We plan to continue on the OT and ST, the two areas he is very behind in.  The school psychologist also suggested that we transfer him to another school within the same school district which provides more life skills.  He has been attending an "autism program" for the past two years for pre-K because that was the diagnosis he received when he took the ADOS test, when they evaluated him at UCLA for a clinical trial study and at UCI for another autism clinical study.  However, because he is more delayed than kids who have "straight autism" per the school psychologist, he would benefit from a program that focuses more on life skills.  He is more behind than the other kids in his classroom and I knew it would be due to his Dup15q diagnosis. A few weeks ago, Gabe, L and I went to Studio City for Stephanie's Day at CBS Studios.  This event is founded by one of the CBS executives who has a daughter with autism.  Many educational, therapy and medical vendors had booths for families with autism.  We spoke with a representative for Villa Esperanza school, a non public school in Pasadena that serve special needs children.  I hope to get L transferred over there eventually and hope the school district will agree it is the best fit for him.  Of course, I am prepared for a huge fight to get this done.  We will tour the school next week and see what steps we need to take.

I will miss his current teacher and the program which seemed so well organized and the kids seemed to be really well treated by the staff.
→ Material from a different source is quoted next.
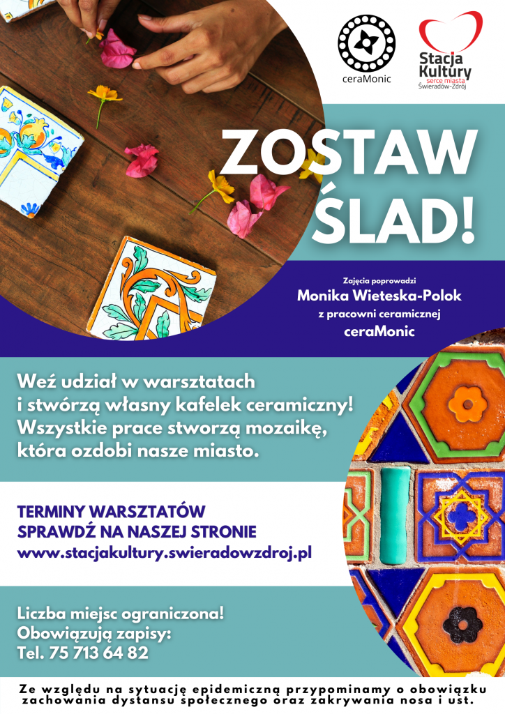 Informujemy, że ze względu na nowe obostrzenia związane z epidemią koronawirusa warsztaty ceramiczne „ZOSTAW ŚLAD” odbędą się w innych terminach. O nowych datach i godzinach będziemy informować na bieżąco, kiedy obostrzenia sanitarne zostaną złagodzone i zajęcia ponownie będą mogły odbywać się w naszym obiekcie.
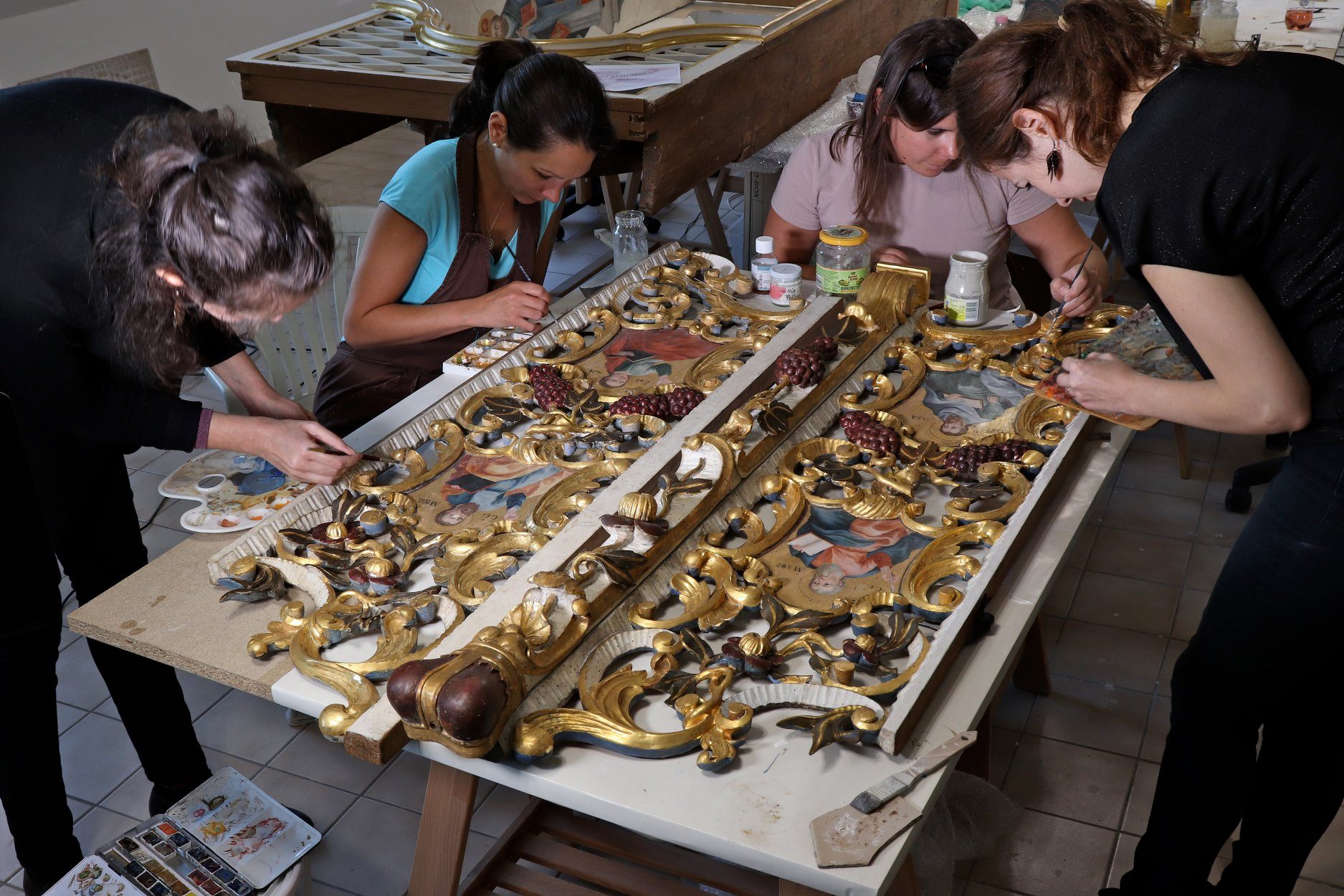 "A restaurálási munkák szakmai vezetője, összefogója Seres Tamás ikonfestő, restaurátor. A fiatal restaurátorcsapat tagjai Bakonyi Tímea, Erdős Alexandra, Imrik Zsófia, Kránitz Edina, és Szokán Erika festőrestaurátorok, valamint Kolozsvári Gergely farestaurátor. A munkába bekapcsolódtak még Fekete Dóra, Márk Zsófia, Somodi Nóra, Szépvölgyi Katalin restaurátorok is."

But, I know L needs to go to a program that will serve his needs the best.  I am glad he had the experience in his present school but I also wonder if he wouldn't have benefited from the new program a little bit sooner.   Granted, it is clear across town and we will most likely be busing him. I know, Gabe and I vowed we would never put him on those buses. But, recently the laws have changed and bus safety has been improved.  (Link)  We plan to take him to school in the morning due to his new onset seizures between 7-10 am but plan for him to be brought back home on the bus. I know L is going to love getting on the bus, he used to cry and fret that he was not getting on one with all the other kids.  I always like to make small rapport with the teachers everyday and pick up just a tidbit of info on how his day went.  I think it also sends a subliminal message to the staff that the parents are really involved with this child and that they had better not mess with him. But really, who knows what happens inside the classroom, there are no camera. 
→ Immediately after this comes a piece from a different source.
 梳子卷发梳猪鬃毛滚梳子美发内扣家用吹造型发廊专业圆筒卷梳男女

Recently, the Dup15q Alliance published a paper on seizures.  seizures and Dup15q
We have increased his keppra dose twice with some seizure control but after a few weeks, they seem to come back.  I hate that there is no direct remedy and every med is like a trial and error.  I hated that I was giving him keppra everyday with no seizure control for about a month.  Why the hell am I giving it to him for anyway?? One morning, as I turned for 5 minutes to use the bathroom, I found him in the bedroom slumped over next to the trashcan seizing.  This made me so so sad and mad.  I hate to see my baby like that!